» **HOW TO COMPLETE THIS TASK**: Write again exactly the lines in the listing below, starting at the line with "Napájka s úzkým" and ending at the line with "若陀龙王想挣脱封印,一行四人", both included. Pictures are not copied.
*** Opening RECORDS PROVIDED ***
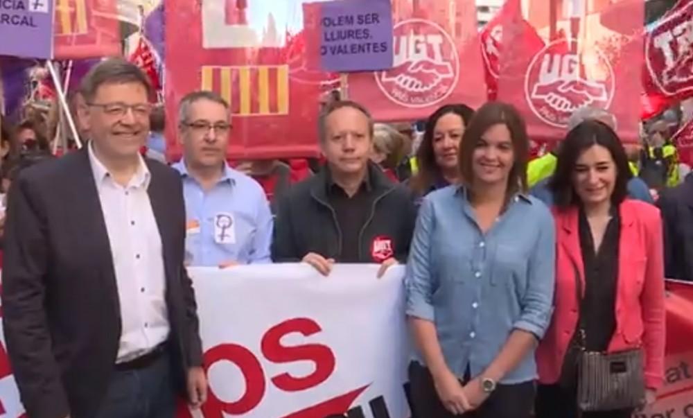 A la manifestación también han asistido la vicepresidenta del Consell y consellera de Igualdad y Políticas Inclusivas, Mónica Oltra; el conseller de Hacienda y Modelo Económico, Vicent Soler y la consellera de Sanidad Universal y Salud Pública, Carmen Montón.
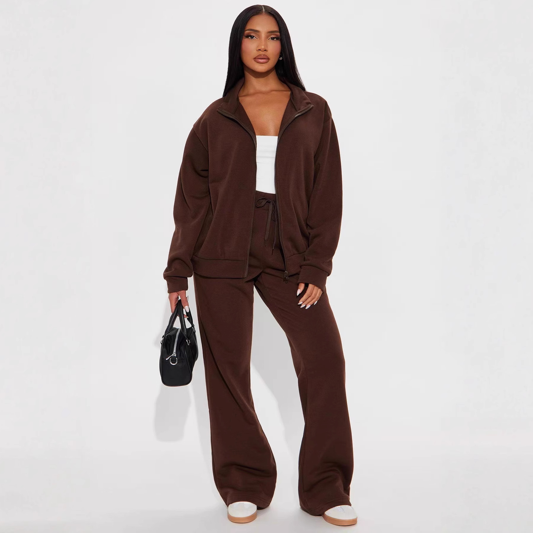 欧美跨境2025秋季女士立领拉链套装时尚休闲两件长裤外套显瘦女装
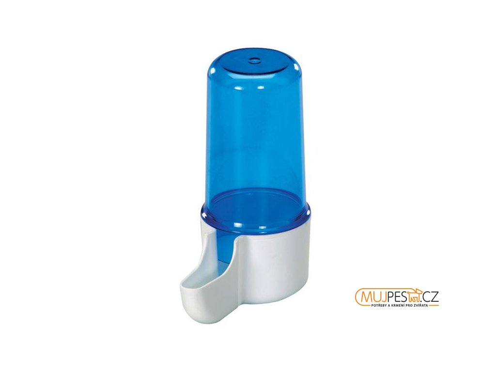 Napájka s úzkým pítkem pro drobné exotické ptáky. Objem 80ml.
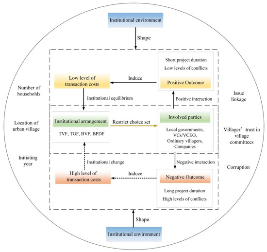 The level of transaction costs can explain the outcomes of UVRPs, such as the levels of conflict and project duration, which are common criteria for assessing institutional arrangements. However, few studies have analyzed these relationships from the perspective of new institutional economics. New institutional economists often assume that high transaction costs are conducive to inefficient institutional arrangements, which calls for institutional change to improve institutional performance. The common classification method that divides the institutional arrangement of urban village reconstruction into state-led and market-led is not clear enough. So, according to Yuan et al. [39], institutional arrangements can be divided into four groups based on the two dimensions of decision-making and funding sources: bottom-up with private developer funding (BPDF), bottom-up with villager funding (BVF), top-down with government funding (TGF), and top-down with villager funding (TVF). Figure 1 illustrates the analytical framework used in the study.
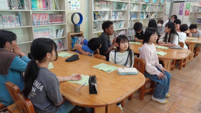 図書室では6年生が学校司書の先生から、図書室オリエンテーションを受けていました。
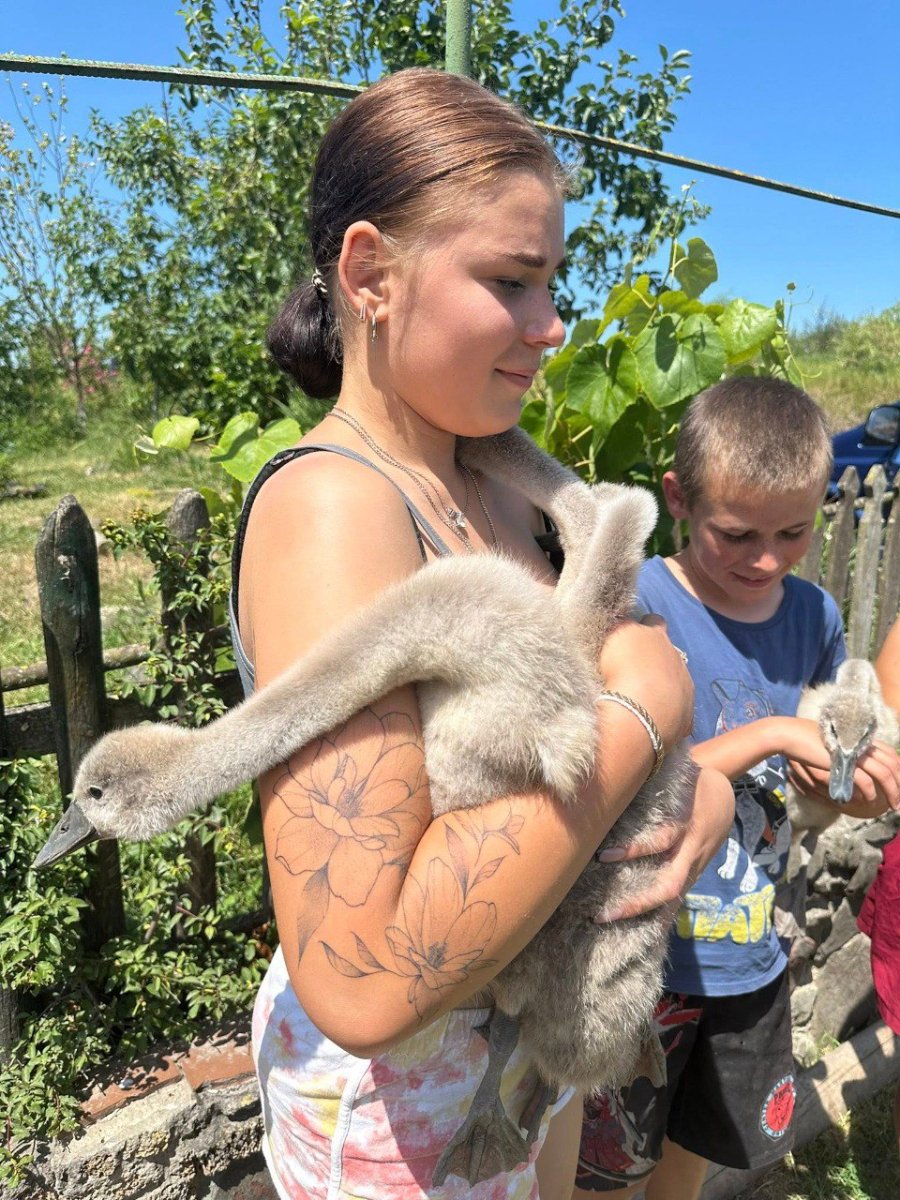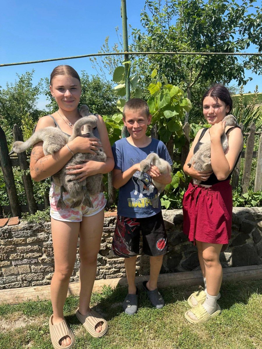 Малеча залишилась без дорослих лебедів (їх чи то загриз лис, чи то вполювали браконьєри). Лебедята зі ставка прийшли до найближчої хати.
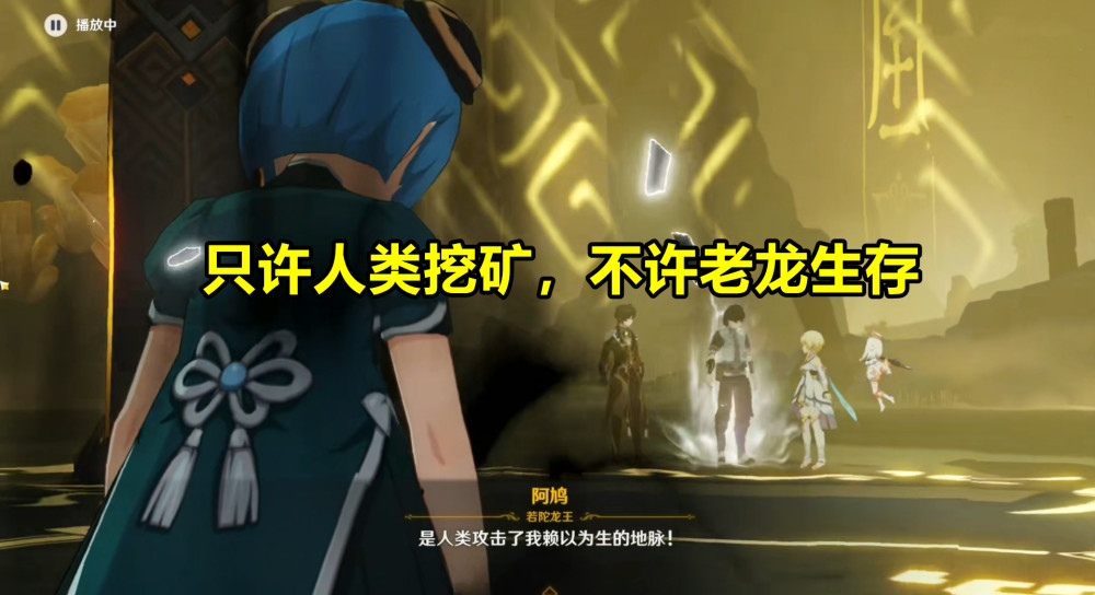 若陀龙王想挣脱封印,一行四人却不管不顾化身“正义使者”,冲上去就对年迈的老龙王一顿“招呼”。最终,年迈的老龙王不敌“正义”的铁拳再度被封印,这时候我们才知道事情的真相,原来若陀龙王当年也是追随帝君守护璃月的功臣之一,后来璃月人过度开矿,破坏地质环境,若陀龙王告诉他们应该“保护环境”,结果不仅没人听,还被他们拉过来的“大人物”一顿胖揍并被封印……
*** Closing RECORDS PROVIDED ***
*** Opening RECORDS PROVIDED ***
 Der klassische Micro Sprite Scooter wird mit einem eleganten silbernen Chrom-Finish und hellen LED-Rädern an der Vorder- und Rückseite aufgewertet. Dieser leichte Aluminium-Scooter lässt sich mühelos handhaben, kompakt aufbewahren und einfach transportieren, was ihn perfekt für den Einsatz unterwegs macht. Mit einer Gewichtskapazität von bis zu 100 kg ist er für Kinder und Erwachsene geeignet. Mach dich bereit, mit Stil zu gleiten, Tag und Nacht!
*** Closing RECORDS PROVIDED ***
» **OUTPUT OF THE TASK**:
 Napájka s úzkým pítkem pro drobné exotické ptáky. Objem 80ml.
 The level of transaction costs can explain the outcomes of UVRPs, such as the levels of conflict and project duration, which are common criteria for assessing institutional arrangements. However, few studies have analyzed these relationships from the perspective of new institutional economics. New institutional economists often assume that high transaction costs are conducive to inefficient institutional arrangements, which calls for institutional change to improve institutional performance. The common classification method that divides the institutional arrangement of urban village reconstruction into state-led and market-led is not clear enough. So, according to Yuan et al. [39], institutional arrangements can be divided into four groups based on the two dimensions of decision-making and funding sources: bottom-up with private developer funding (BPDF), bottom-up with villager funding (BVF), top-down with government funding (TGF), and top-down with villager funding (TVF). Figure 1 illustrates the analytical framework used in the study.
 図書室では6年生が学校司書の先生から、図書室オリエンテーションを受けていました。
 Малеча залишилась без дорослих лебедів (їх чи то загриз лис, чи то вполювали браконьєри). Лебедята зі ставка прийшли до найближчої хати.
 若陀龙王想挣脱封印,一行四人却不管不顾化身“正义使者”,冲上去就对年迈的老龙王一顿“招呼”。最终,年迈的老龙王不敌“正义”的铁拳再度被封印,这时候我们才知道事情的真相,原来若陀龙王当年也是追随帝君守护璃月的功臣之一,后来璃月人过度开矿,破坏地质环境,若陀龙王告诉他们应该“保护环境”,结果不仅没人听,还被他们拉过来的“大人物”一顿胖揍并被封印……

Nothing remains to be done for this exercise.